[Task instructions] Skipping all pictures, print exactly the lines below from the one with "本当にたくさんの方に勇気と希" through the final line.
[Data extract — start]
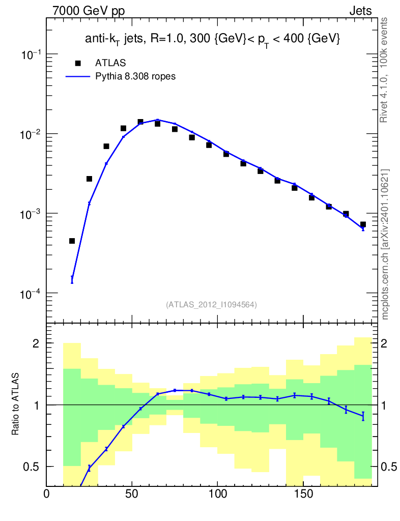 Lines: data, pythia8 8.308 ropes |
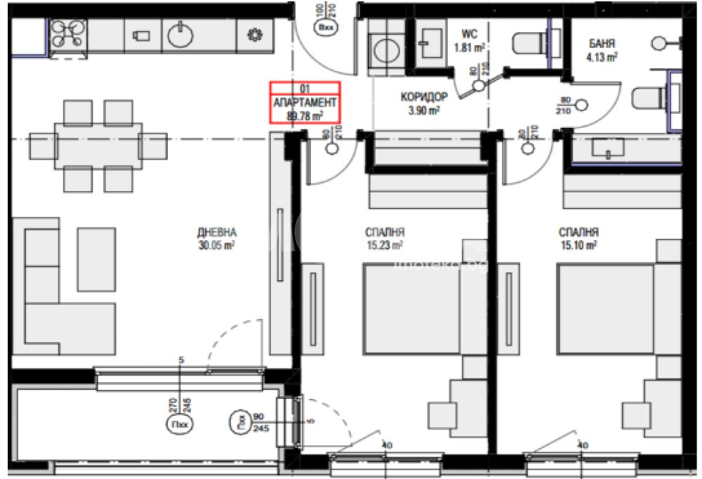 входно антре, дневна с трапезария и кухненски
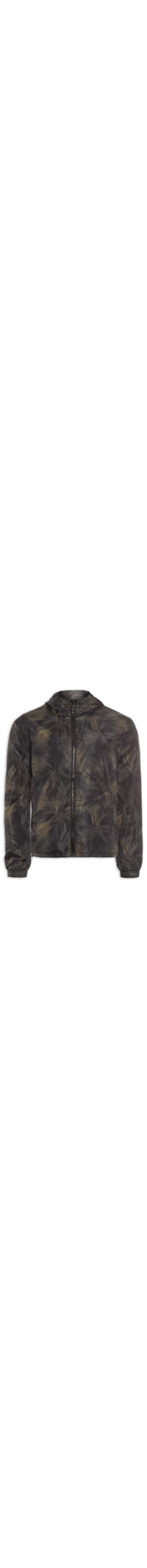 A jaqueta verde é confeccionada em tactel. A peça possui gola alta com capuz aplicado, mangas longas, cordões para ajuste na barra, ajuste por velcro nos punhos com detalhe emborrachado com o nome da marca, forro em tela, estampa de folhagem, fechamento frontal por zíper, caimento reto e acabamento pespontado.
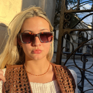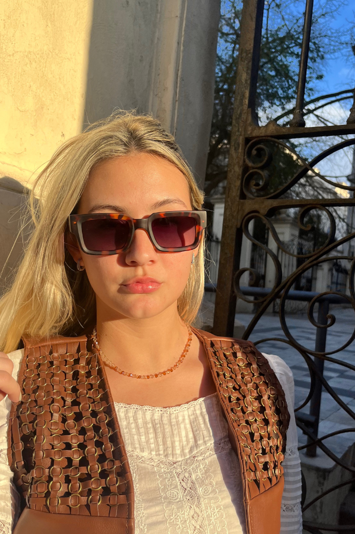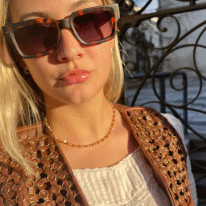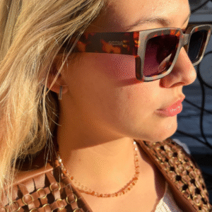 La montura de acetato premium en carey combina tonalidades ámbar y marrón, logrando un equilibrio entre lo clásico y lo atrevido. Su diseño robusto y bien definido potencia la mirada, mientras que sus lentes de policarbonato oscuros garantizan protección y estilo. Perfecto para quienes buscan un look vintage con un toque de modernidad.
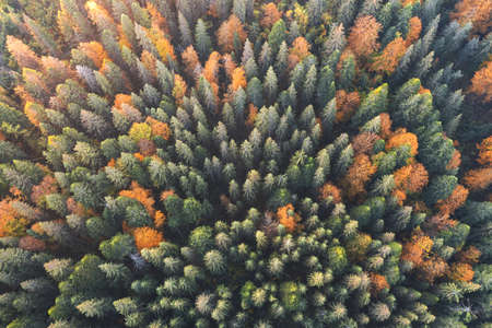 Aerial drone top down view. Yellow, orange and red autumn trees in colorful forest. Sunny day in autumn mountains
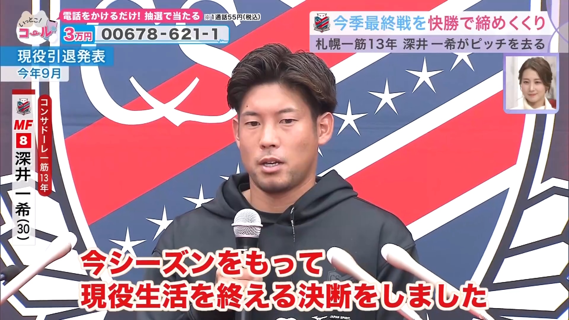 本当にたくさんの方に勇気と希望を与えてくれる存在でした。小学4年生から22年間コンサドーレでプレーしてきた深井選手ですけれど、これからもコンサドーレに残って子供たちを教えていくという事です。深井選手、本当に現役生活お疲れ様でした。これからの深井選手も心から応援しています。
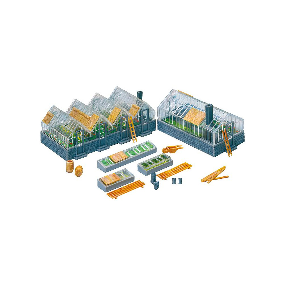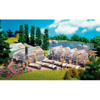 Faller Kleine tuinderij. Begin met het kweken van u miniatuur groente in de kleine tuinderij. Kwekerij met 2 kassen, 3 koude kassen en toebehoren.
[Data extract — finish]
[Written answer]
 本当にたくさんの方に勇気と希望を与えてくれる存在でした。小学4年生から22年間コンサドーレでプレーしてきた深井選手ですけれど、これからもコンサドーレに残って子供たちを教えていくという事です。深井選手、本当に現役生活お疲れ様でした。これからの深井選手も心から応援しています。
 Faller Kleine tuinderij. Begin met het kweken van u miniatuur groente in de kleine tuinderij. Kwekerij met 2 kassen, 3 koude kassen en toebehoren.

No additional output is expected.